A common mistake is to use a rough upper bound on the true cost as the heuristic function — this will of course overestimate, thereby destroying admissibility. For instance, in map search, if straight-line distance is used as $h$ , this is admissible (straight-line distance never exceeds actual path distance); if an estimated value causes overestimation on winding roads, it is not admissible. Violations of admissibility are typically not obvious — they depend on the specific structure of the problem.

20.2.5 Hands-On: Tracing a Complete A* Search

Reading the definition is not enough. Below, we trace every step of A* on a 6-node directed graph. I suggest you take out a piece of paper and follow along.

Nodes: S (start), A, B, C, D, G (goal)
Edges (from -> to, cost):
  S->A: 1,  S->B: 4
  A->C: 3,  A->D: 2
  B->D: 2
  C->G: 2
  D->G: 4

Heuristic function h (estimated cost to G):
  h(S)=5, h(A)=4, h(B)=4, h(C)=2, h(D)=2, h(G)=0

True optimal costs h* (verifiable via reverse Dijkstra):
  Shortest: S->A->C->G = 6, so h*(S)=6, h(S)=5 ≤ 6 ✓ admissible
  h*(A)=5 (A->C->G=3+2=5), h(A)=4 ≤ 5 ✓
  h*(B)=6 (B->D->G=2+4=6), h(B)=4 ≤ 6 ✓
  h*(C)=2, h(C)=2 ✓ (exact)
  h*(D)=4, h(D)=2 ≤ 4 ✓
  h*(G)=0, h(G)=0 ✓

All nodes satisfy h(n) ≤ h*(n); h is admissible.

Tracing A*:

Initial: priority queue = [(S, f=0+5=5)]. g(S)=0.

Step 1: Expand S (f=5 is smallest). Successors:

A: g=1, f=1+4=5 -> add to queue
B: g=4, f=4+4=8 -> add to queue Queue: [(A,5), (B,8)]

Step 2: Expand A (f=5 smallest). Successors:

C: g=1+3=4, f=4+2=6 -> add
D: g=1+2=3, f=3+2=5 -> add Queue: [(D,5), (C,6), (B,8)]

Step 3: Expand D (f=5 smallest). Successors:

G: g=3+4=7, f=7+0=7 -> add Queue: [(C,6), (G,7), (B,8)]

Step 4: Expand C (f=6 smallest). Successors:

G: g=4+2=6, f=6+0=6 -> update G (existing version has f=7; new f=6 is better, replace) Queue: [(G,6), (B,8)]

Step 5: Expand G (f=6 smallest). G is the goal; path found: S->A->C->G, total cost 6.

Notice: at Step 3, A* did not take the path S->A->D->G (total cost = 7), because after D was expanded, G had f=7, while C in the queue had the better f=6. A* correctly skipped the suboptimal path.

Now, what if we change h to be non-admissible? Set $h^{'} (A) = 6$ (an overestimate, since true h*=5). Then:

After expanding S: A's f=1+6=7, B's f=4+4=8
Queue: [(A,7), (B,8)]
Expand A (f=7): D has f=5, C has f=6
Queue: [(C,6), (D,7), (B,8)]
Expand C: G has f=6... We still found the optimum, but only because the graph is tiny.

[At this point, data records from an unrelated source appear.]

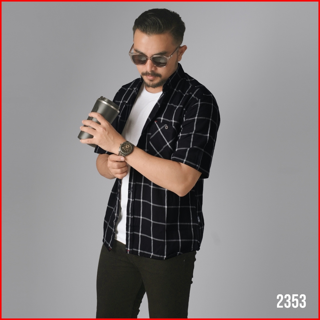 Dgm Kemeja Pria Flanel Lengan Pendek Premium Hitam Garis Putih 2353
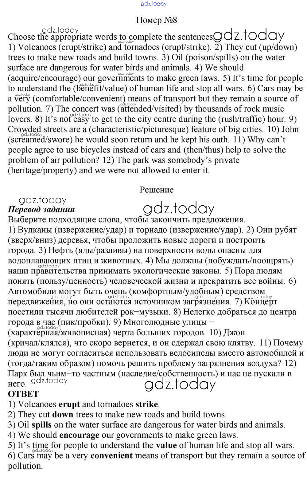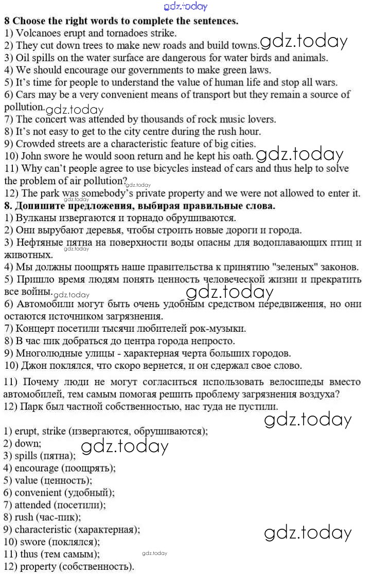 Ответы к Step 11 Решение к Unit 3. In Harmony with Nature 8 Учебнику по Английскому языку для 10 класса Афанасьева, Михеева Базовый уровень Дрофа Rainbow 2016
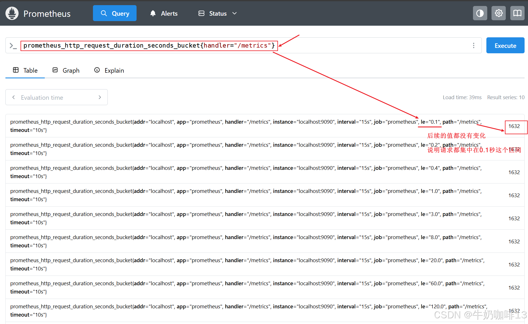 在 prometheus 内部,直方图被实现为一组时间序列,每个序列代表指定桶的计数(例如10ms以下的请求数、25ms以下的请求数、50ms以下的请求数等)。 在 prometheus 中每个 bucket 桶的计数器是累加的,这意味着较大值的桶也包括所有低数值的桶的计数。在作为直方图一部分的每个时间序列上,相应的桶由特殊的 le 标签表示。le 代表的是小于或等于。
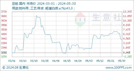 5月30日,生意社豆粕基准价为3438.00元/吨,与本月初(3340.00元/吨)相比,上涨了2.93%。
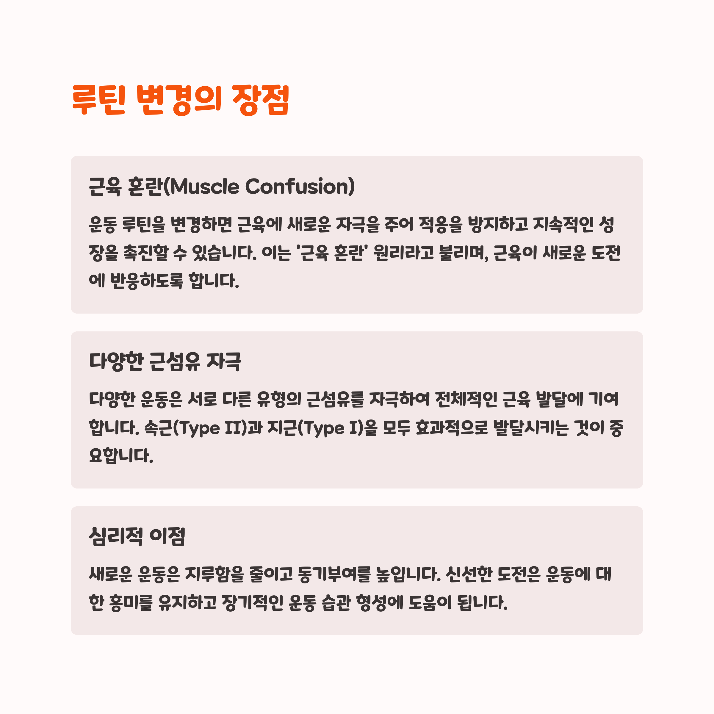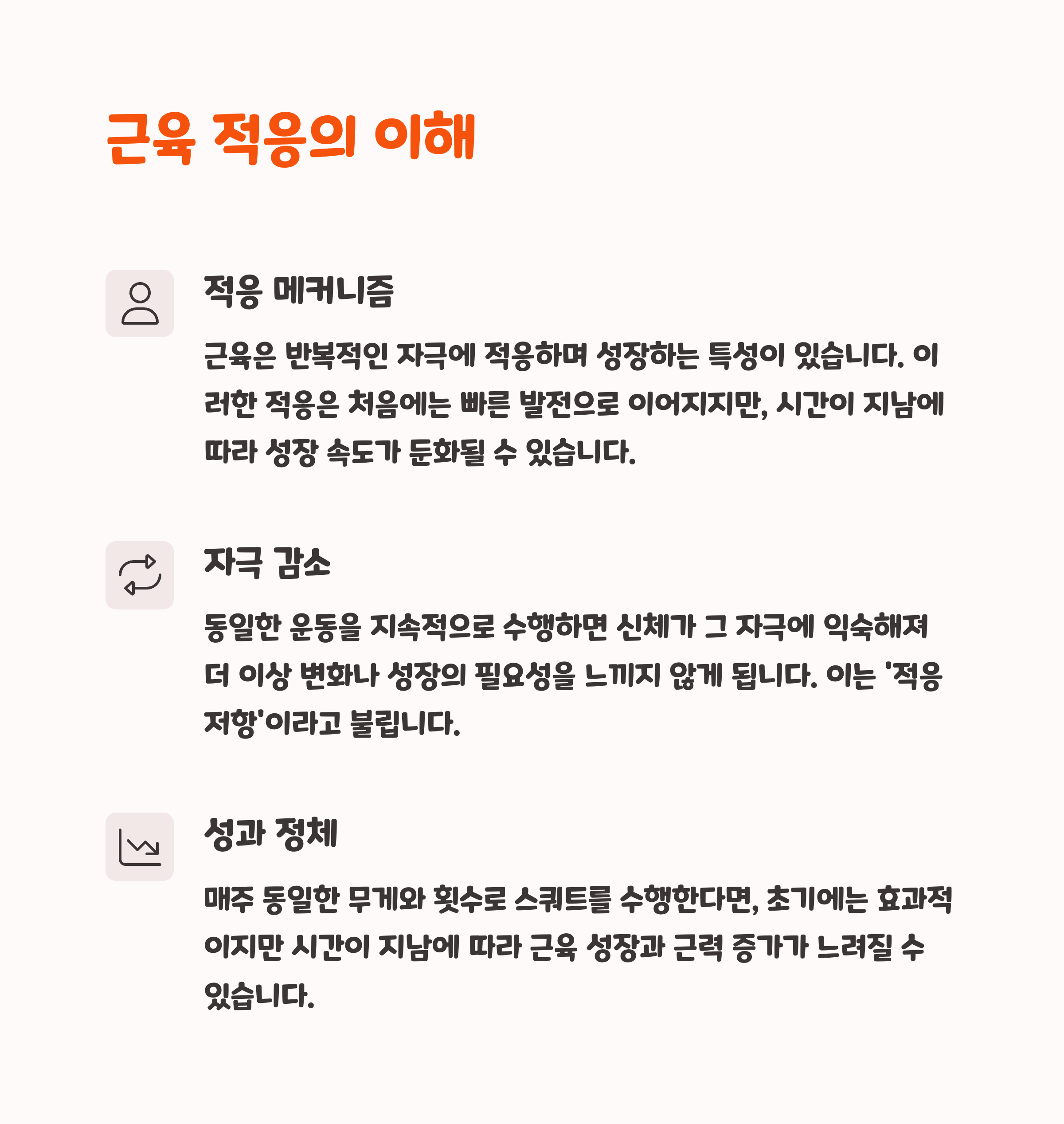 | 근육 적응 | 루틴 변경 | 지속적 훈련 |
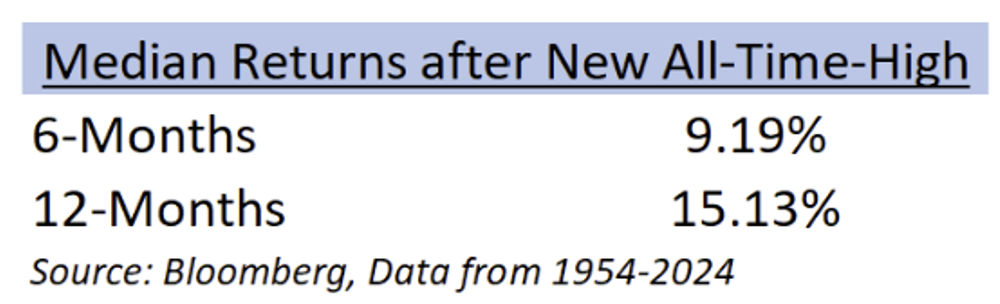 So, let’s look at the market’s tendencies after it hits an all-time high and see if there is anything that we can learn from the past.
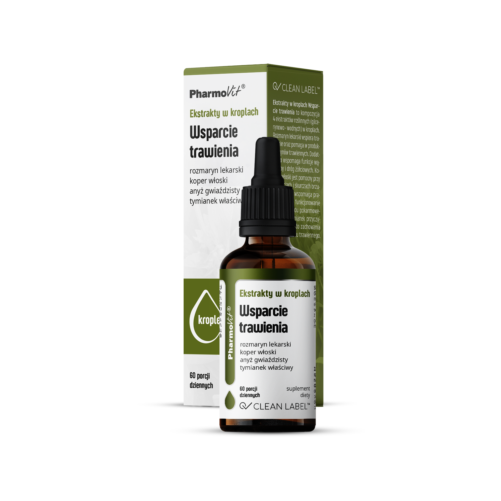 Wsparcie trawienia Ekstrakty w kroplach rozmaryn, koper włoski, anyż, tymianek 30 ml - PharmoVit

On more complex graphs, overestimation causes A* to prematurely deem a certain path "not worth exploring"—and that path happens to be the optimal one. Admissibility does not guarantee efficiency; admissibility guarantees the optimum will not be missed. Lose it, and the optimum can slip through your fingers without you ever knowing.

Look carefully at Step 3: when expanding D, the queue contains C(f=6) and D(f=5). A* chooses D because D is more optimistic. Optimism makes A* willing to take risks, but also lets it turn back in time when it sees a better path—because optimism adjusts downward, not upward. If h is arrogant (overestimates), A* discards certain nodes prematurely and never looks back. Optimism is the engine of exploration; arrogance is the cause of missed opportunities.

20.3 Consistency: The Constraint of the Triangle Inequality

Admissibility guarantees the quality of the final result, but the efficiency of A* also depends on another property of $h$ .

Definition (Consistency): A heuristic function $h$ is consistent if, for all nodes $n$ and its successor $n^{'}$ ,

h (n) \leq c (n, n^{'}) + h (n^{'})

where $c (n, n^{'})$ is the actual edge cost from $n$ to $n^{'}$ .

This is a triangle inequality: the estimated cost from $n$ to the goal must not exceed the sum of first going to $n^{'}$ and then the estimated cost from $n^{'}$ to the goal. Intuitively, consistency says: your estimates for each node are "coherent" — there will be no situation where, after taking one step, the estimated value suddenly skyrockets.

Consistency implies admissibility (it can be verified), but the converse does not hold. Consistency is a stronger condition.

Under consistency, the $f$ -values of nodes expanded by A are non-decreasing*. This guarantees: the first time A* reaches the goal node, it has already found the optimal path, requiring no further search. Consistency advances A* from "eventually finds the optimal" to "finds the optimal as early as possible."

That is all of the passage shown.